2013年5月29日(水) 13時47分(タイ時間)
【中国】シェールガスの開発が各地で暗礁に乗り上げているもようだ。

 国土資源部の主導で探査権・開発権(20鉱区)の第2弾入札結果が2012年10月に開示されたものの、落札者の大部分は探査作業にも着手していない状況だ。うち一部は、投資コストの負担増を考慮し、鉱区の譲渡、外資パートナーの迎え入れを画策しているとされる。探査権の有効期間は3年に設定された。応札の資格は、中国本土に設立された資本金3億人民元以上の企業であること。「石油または天然ガスの探査経験のある本土企業」、「本土企業が経営権を握る合資企業」が参加できる。

 シェールガス開発を阻む要因としては、国内企業勢の経験不足、鉱区情報の開示不足、開発コストの負担増、生産量の少なさ、生産の不安定性、政策的な支援の不足などがある。巨額の費用が必要となる点を踏まえ、中国石油天然気(ペトロチャイナ:857/HK)と中国石油化工(サイノペック:386/HK)の国内2大エネルギー企業を除くと投資意欲に乏しいようだ。こうしたなか、今年下半期に予定される探査権・開発権の第3弾入札は、参加者が容易に集まらない事態も想定される。
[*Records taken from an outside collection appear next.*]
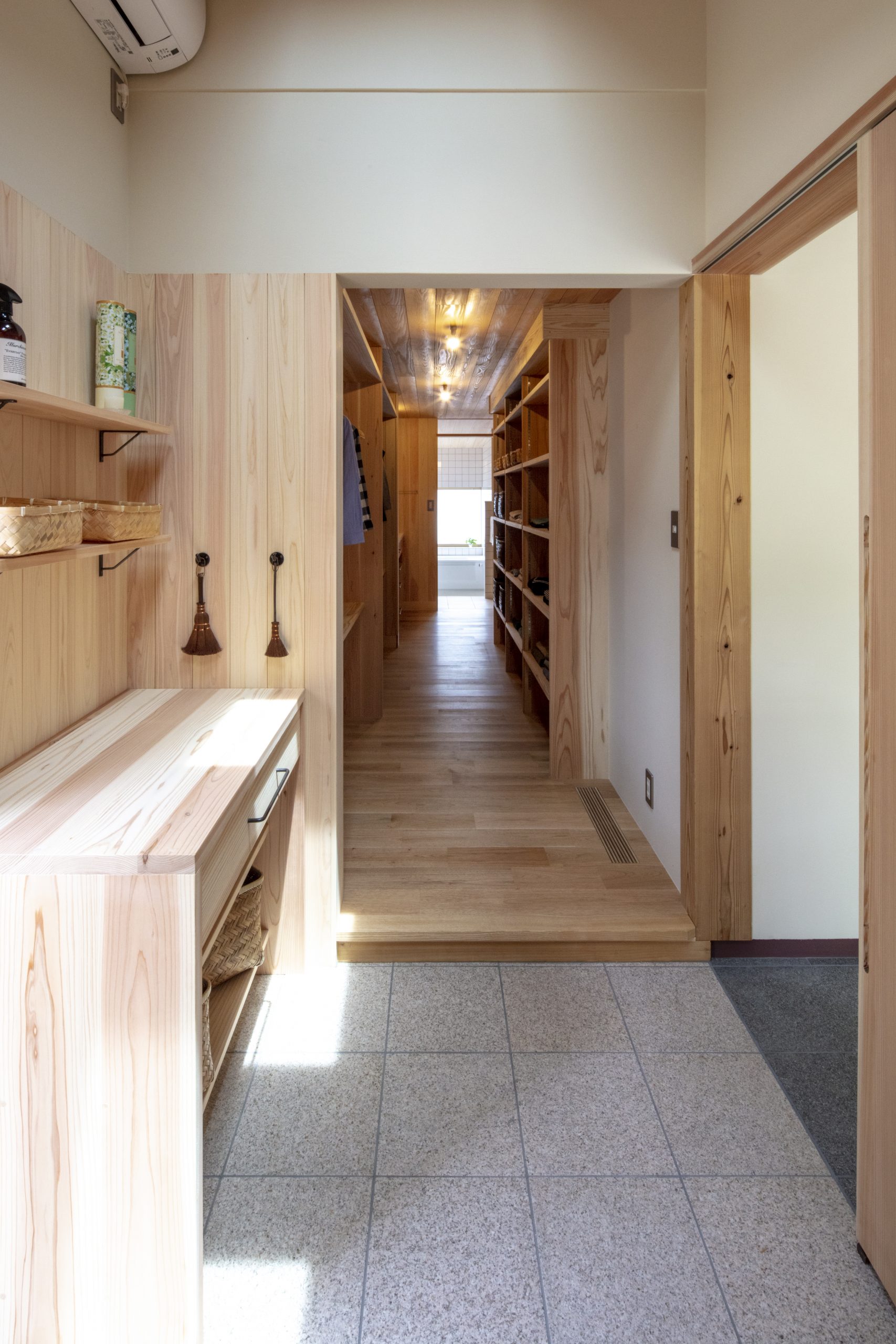 トイレや廊下の部分は内装の仕上げに杉板を使用しています(↑写真右側)。ここ最近の新築物件でも内壁仕上を一部板張りにして、木の雰囲気を味わえるような物件を見かけます(↓写真)。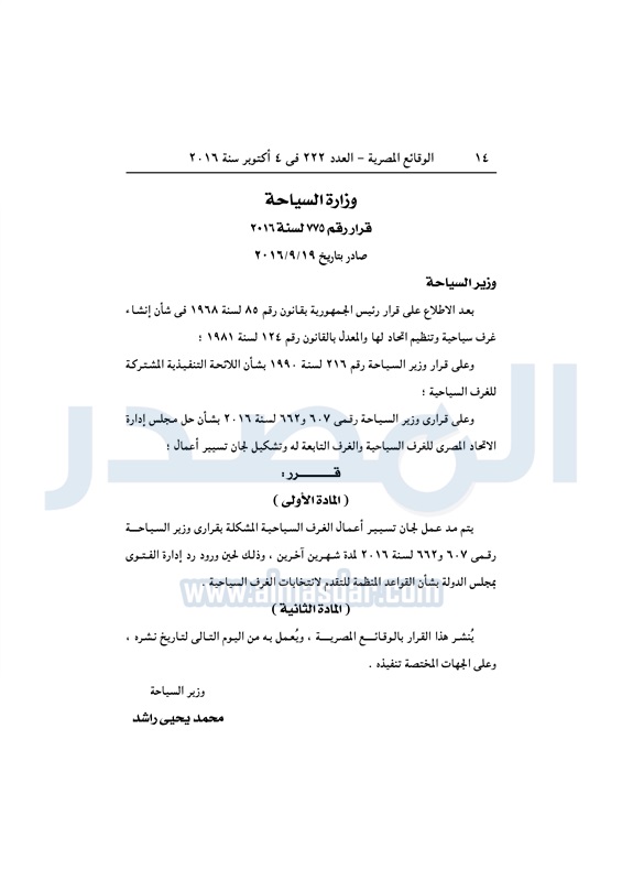 سياحة و طيران مد عمل لجان تسيير أعمال الغرف السياحية شهرين الثلاثاء 04 أكتوبر 2016 - 10:45 ص 10/4/2016 10:45:00 AM يحيى راشد - وزير السياحة المصدر - خاص طباعة شارك نشرت الوقائع المصرية في العدد 222 الصادر في 4 أكتوبر 2016، قرار وزارة السياحة رقم 775 لسنة 2016، بشأن مد عمل لجان تسيير أعمال الغرف السياحية لمدة شهرين.لقراءة القرار: طباعة شارك يحيى راشد وزير السياحه الوقائع المصرية الغرف السياحية تابع المصدر علي جوجل نيوز تطبيق نبض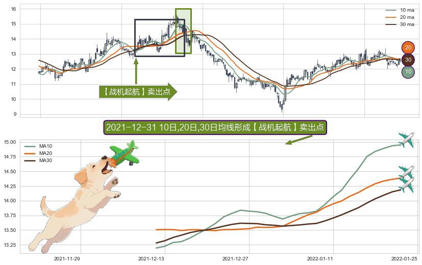 ⚀ 2021-12-10日-2022-01-21日显现 10日-20日-30日均线 【战机起航】卖出点 看空信号,后市看跌,卖出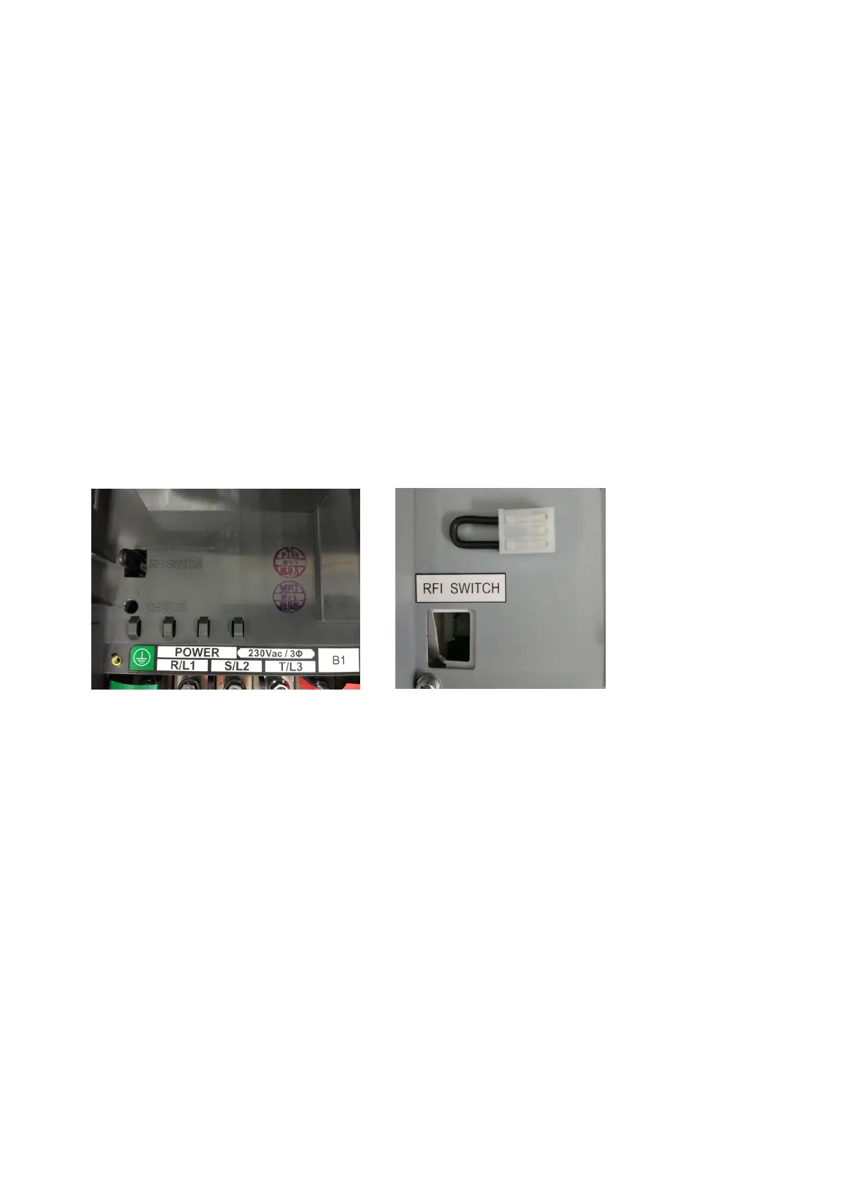 RFI Switch on the motor drive Removable RFI Switch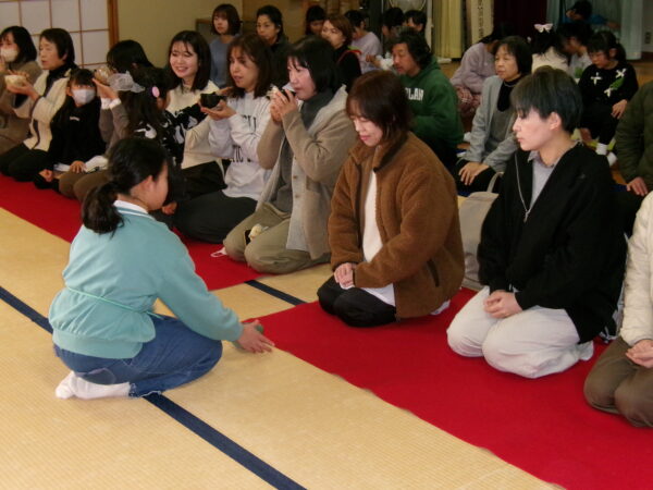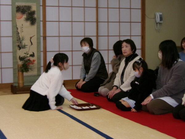 保護者の皆様には、6年生のお点前や4年生のお運びなど日ごろのおけいこの成果を見ていただいたり、
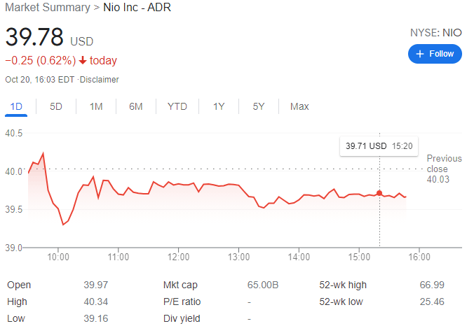 Update: NYSE:NIO was unable to retain early gains and finished the day down 0.62% at $39.78 per share. The slide seems corrective after the share added roughly 12% in the previous sessions. Meanwhile, the Dow Jones Industrial Average and the S&P 500 flirted with record highs, boosted by solid earnings reports. The NYSE added 108 points, up 0.64%, while the Nasdaq Composite was the worst performer, ending the day in the red after shedding 7 points.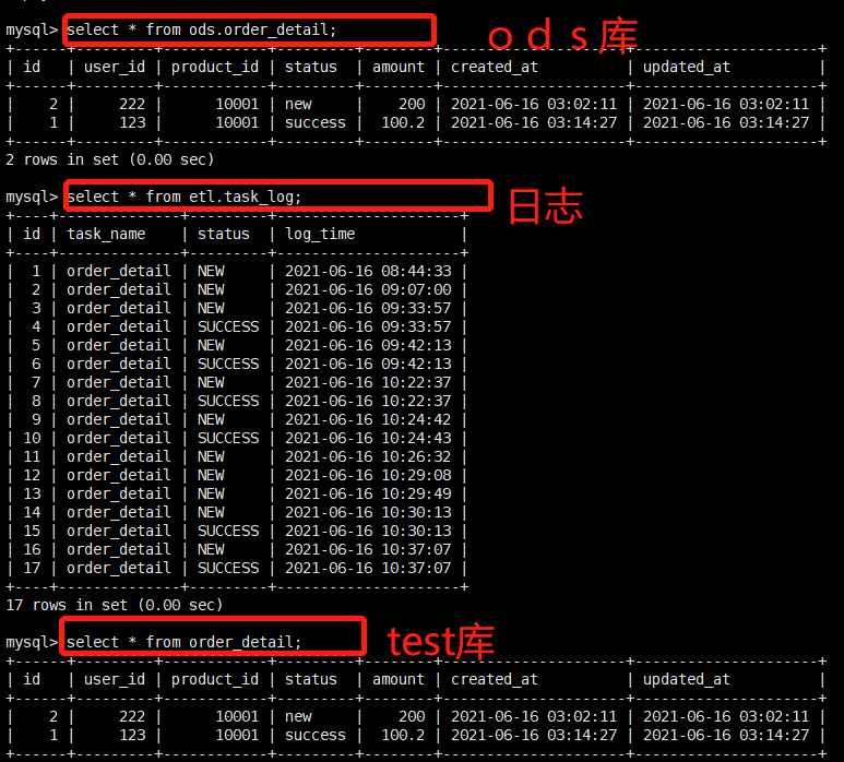 --================================ -- 测试数据 --================================ use test; drop table order_detail; create table order_detail ( id bigint, user_id bigint, product_id bigint, status varchar(50), amount double, created_at datetime, updated_at datetime ) ; insert into order_detail select 1, 123, 10001, 'new', 100.2, now(), now(); commit; --step2 insert into order_detail select 2, 222, 10001, 'new', 200, now(), now(); update order_detail set status = 'success' where id = 1; commit; select * from order_detail; create database ods;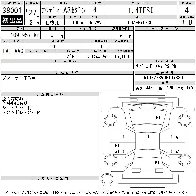 Audi A3 с аукциона Японии CAA Chubu лот № 38001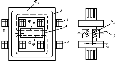Рис. 3. Конструктивная схема трансформатора с подвижным магнитным шунтом

 第2弾の入札では、最も有望な重慶市の黔江と酉陽東の両鉱区がそろって重慶市能源投資集団公司とその傘下の重慶鉱産公司に競り落とされた。うち黔江には、3年内に17億3400億人民元を投じる計画が打ち出されていた。この額は、落札を逃した中国石油化工(サイノペック:386/HK)の提示額の10倍に相当する。

 ただ、開発が難渋するなか、わずか半年足らずで重慶鉱産公司の権益65%が転売された。その後、黔江鉱区は中聯煤層気公司(中国海洋石油総公司の傘下企業)の資本を迎え入れることを決定。酉陽東鉱区は、すでに華能集団公司に探査権・開発権を譲渡する方針が決まった。

 2011年7月に実施された第1弾入札(4鉱区)では、河南煤層気開発利用公司などが落札。河南煤層気開発利用は2012年上半期にようやく豪Dart Energyを提携パートナーに選択した。ただ、年末までに数本を試掘するにとどまっている。

 国土資源部の発表では、中国のシェールガス可採埋蔵量は約25兆立方米に達し、一般天然ガスの可採埋蔵量の10倍に上る。国家能源局が2012年3月に公表した「シェールガス発展5カ年計画」によると、中国政府は2015年の年産量を65億立方米に引き上げる予定という。ただ、シェールガスの採掘に多量の水が必要とされるほか、環境への影響が大きいため、フランスなど開発を禁止している国もある。